Authenticated with Google Cloud


## Helper Functions


In [14]:
#Core Helper Functions for GCS scanning and image display

# GCS‑scanning + debug prints

def get_mime_type(uri: str) -> str:
    ext = os.path.splitext(uri)[1].lower()
    if ext == ".png":
        return "image/png"
    elif ext in (".jpg", ".jpeg"):
        return "image/jpeg"
    else:
        raise ValueError(f"Unsupported extension: {ext}")
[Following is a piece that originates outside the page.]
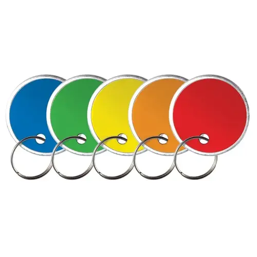 Identify your keys more easily with these brightly colored paper tags. Attach to keys easily with the split key ring that is attached. Can be used for the home or office. Assorted colors.
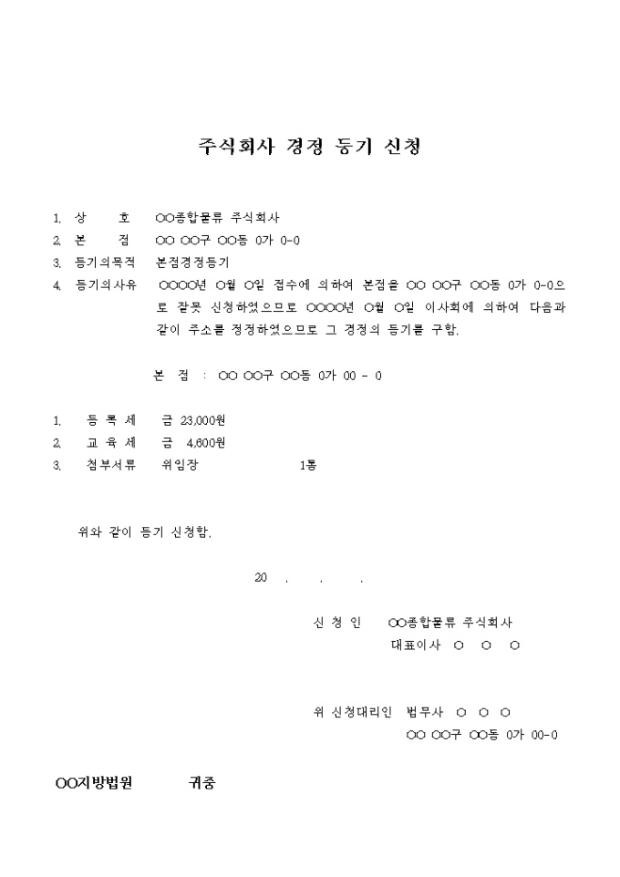 9,000원/월본점주소의 정정을 위한 주식회사 경정 등기 신청서입니다.

def discover_product_batches(input_gcs_uri: str) -> Generator[Dict[str, object], None, None]:
    """
    Yields dicts with:
      - product_folder (e.g. "product_5")
      - image_parts   (List[types.Part])
      - product_uris  (List[str])
    """
    m = re.match(r"gs://([^/]+)/(.+?)/?$", input_gcs_uri)
    if not m:
        raise ValueError(f"Invalid GCS URI: {input_gcs_uri}")
    bucket_name, base_prefix = m.groups()
    prefix = base_prefix.rstrip("/") + "/"
    client = storage.Client()
    print(f"🔍 Scanning bucket={bucket_name} prefix={prefix}")

    # fetch all blobs under prefix
    blobs = list(client.list_blobs(bucket_name, prefix=prefix))
    print(f"  • Found {len(blobs)} total objects under {prefix}")

    # group by first‑level folder name
    folder_map: Dict[str, List[storage.blob.Blob]] = {}
    for b in blobs:
        rel = b.name[len(prefix):]  # e.g. "product_5/thermos_1.png"
        parts = rel.split("/", 1)
        if len(parts) != 2:
            continue
        folder, filename = parts
        if not filename.lower().endswith((".png", ".jpg", ".jpeg")):
            continue
        folder_map.setdefault(folder, []).append(b)

    print(f"  • Discovered product folders: {list(folder_map.keys())}")

    for folder, blob_list in folder_map.items():
        # sort & take up to 3
        blob_list.sort(key=lambda b: os.path.basename(b.name))
        blob_list = blob_list[:3]

        uris = [f"gs://{bucket_name}/{b.name}" for b in blob_list]
        parts = [
            types.Part(
                file_data=types.FileData(file_uri=uri, mime_type=get_mime_type(uri))
            )
            for uri in uris
        ]

        yield {
            "product_folder": folder,
            "image_parts":   parts,
            "product_uris":  uris,
        }

# Display helpers
def download_gcs_image_bytes(uri: str) -> bytes:
    m = re.match(r"gs://([^/]+)/(.*)", uri)
    if not m:
        raise ValueError(f"Invalid GCS URI: {uri}")
    bucket_name, obj = m.groups()
    client = storage.Client()
    return client.bucket(bucket_name).blob(obj).download_as_bytes()

def prediction_to_pil_image(pred: PredictResponse, size=(640, 640)) -> Image.Image:
    b64 = pred["bytesBase64Encoded"]
    data = base64.b64decode(b64)
    img = Image.open(io.BytesIO(data))
    img.thumbnail(size)
    return img

def display_row(items: List[Any], figsize=(12, 4)):
    if not items:
        print("No items to display.")
        return
    fig, axes = plt.subplots(1, len(items), figsize=figsize)
    if len(items) == 1:
        axes = [axes]
    for ax, it in zip(axes, items):
        if isinstance(it, Image.Image):
            ax.imshow(it)
        elif isinstance(it, dict) and "bytesBase64Encoded" in it:
            ax.imshow(prediction_to_pil_image(it))
        else:
            ax.text(0.5, 0.5, str(it), ha="center", va="center", wrap=True)
        ax.axis("off")
    plt.tight_layout()
    plt.show()

# generate() with fixed SafetySetting keyword args
def generate(image_parts: List[types.Part]) -> Dict[str, str]:
    import json, re
    from google import genai
    from google.genai import types

    client = genai.Client(
        vertexai=True,
        project="consumer-genai-experiments",
        location="global",
    )

    user_instr = types.Part.from_text(text="""
Analyze the provided images of a single product (up to 3). First, identify and describe the product in accurate, natural language: focus on material, color, shape, form, pattern, and distinctive design features.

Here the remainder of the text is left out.